Стояла тишина. Воин ждал. Вдруг он насторожился, его глаза под черной решеткой забрала широко распахнулись.
Вдалеке по тропинке среди леса двигался человек. И это был Изгнанник, Враг, которого он и ждал.
Воин удовлетворенно хмыкнул и сел чуть прямее.
Если бы вы могли рассмотреть Изгнанника вблизи (а воин этого сделать не мог, слишком уж высоко он забрался), то удивились бы, как мало у него общего с большинством Изгнанников-Отщепенцев. Трудно было поверить, что этот человек всего два часа назад освобождал драконов прямо из-под носа у Гостедавов, действуя с ловкостью и уверенностью героя.
Это был мальчик лет четырнадцати, тощий и весьма непримечательный на вид. На лбу у него выделялась темно-лиловая метка в виде дракона, которую люди называли Клеймом раба. Звали его Иккинг Кровожадный Карасик III.
Иккинг уже год не спал в кровати, все по кронам деревьев да в пещерах. Питался он орехами и ягодами и тем, что удавалось, трясясь от страха, стянуть в спящих викингских деревнях. День за днем рисковал он жизнью, ломая капканы, поставленные викингами на драконов, и постоянно удирая и от людей, и от их жутких противников. Мятежные драконы преследовали его неустанно.
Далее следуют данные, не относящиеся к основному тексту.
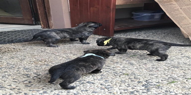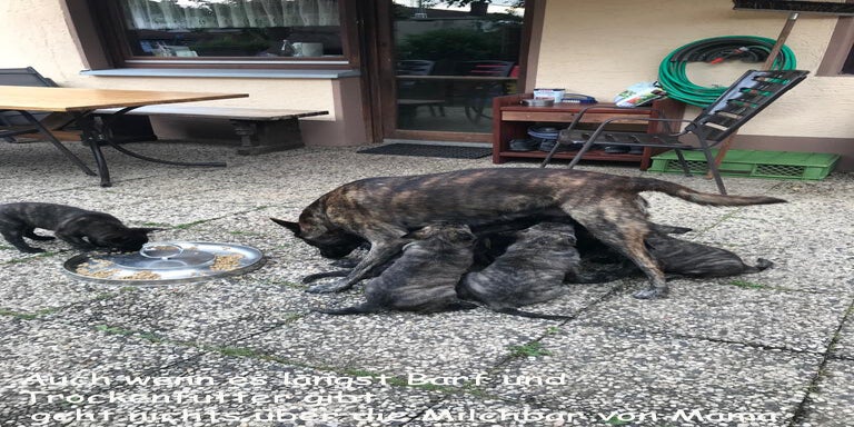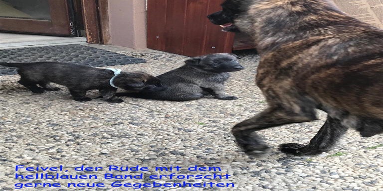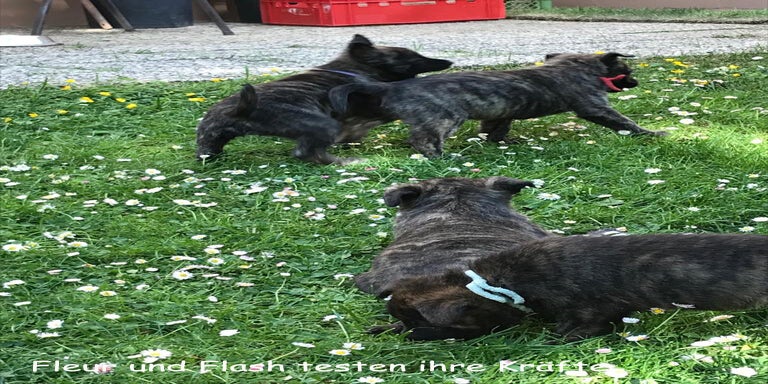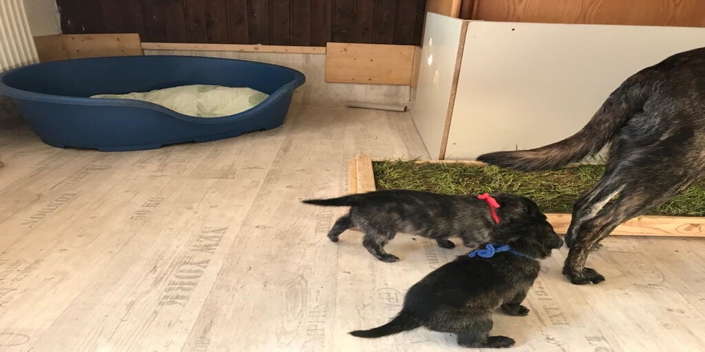 Die Entwicklung der Welpen ist gigantisch! Sie fressen nicht nur Barf, sondern auch Trockenfutter, aber das ist nicht so beliebt! Die Terrasse und der Garten haben nun auch Ihr Interesse geweckt...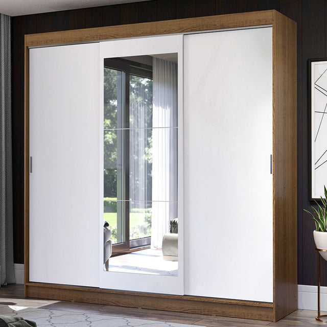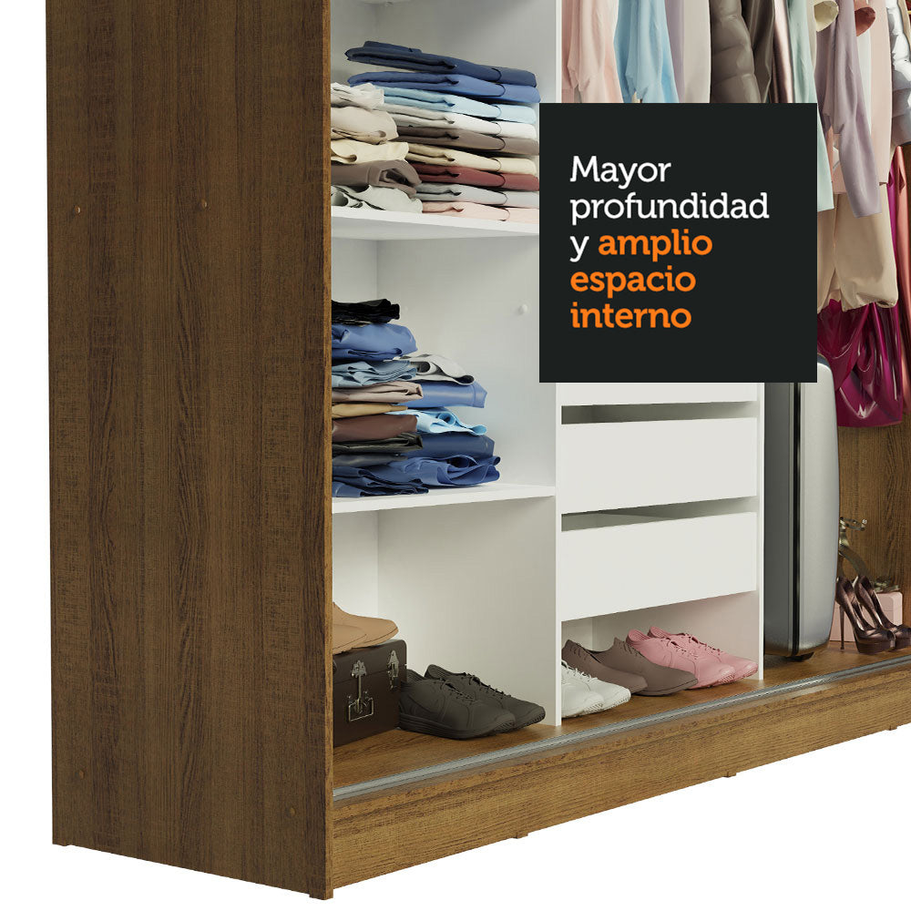 Placard Ropero Casal Madesa Istambul 3 Puertas Corredizas con Espejo 3 Cajones Marrón/Blanco

Поэтому сейчас, в лунном свете, Иккинг выглядел таким, каким был на самом деле. Испуганным, одиноким.
С головы до ног его закрывал огнеупорный костюм из драконьей кожи, рваный и изодранный о колючки и ветки. Мальчик был грязный и чумазый. От напряжения и страха погони его движения сделались скованными, мышцы нет-нет да сводило судорогой.
Иккинг хромал, под глазом у него темнел свежий синяк. Рядом трусил его ездовой дракон. Ветрогон так вымотался, что выдыхал большие клубы пара, поэтому мальчик не ехал на нем верхом.
Вокруг головы Иккинга порхали два крошечных охотничьих дракона: очень старый, по имени Одинклык, с потрепанными и рваными крылышками, и очень юный, по имени Беззубик, ярко-зеленый, как трава, – самый капризный и суматошный дракончик во всем архипелаге.
Все четверо перешептывались по-драконьи.
– Говорю тебе, Иккинг, – увещевал Одинклык тонким дребезжащим голосом, – твоя Геройская Задача проще некуда. Тебе надо отыскать Драконий Камень, добраться до острова Завтра и надеть корону Короля Дикозапада. Тогда народ Завтра откроет тебе тайну Драконьего Камня, и ты сможешь остановить эту глупую войну и спасти драконов и людей от истребления.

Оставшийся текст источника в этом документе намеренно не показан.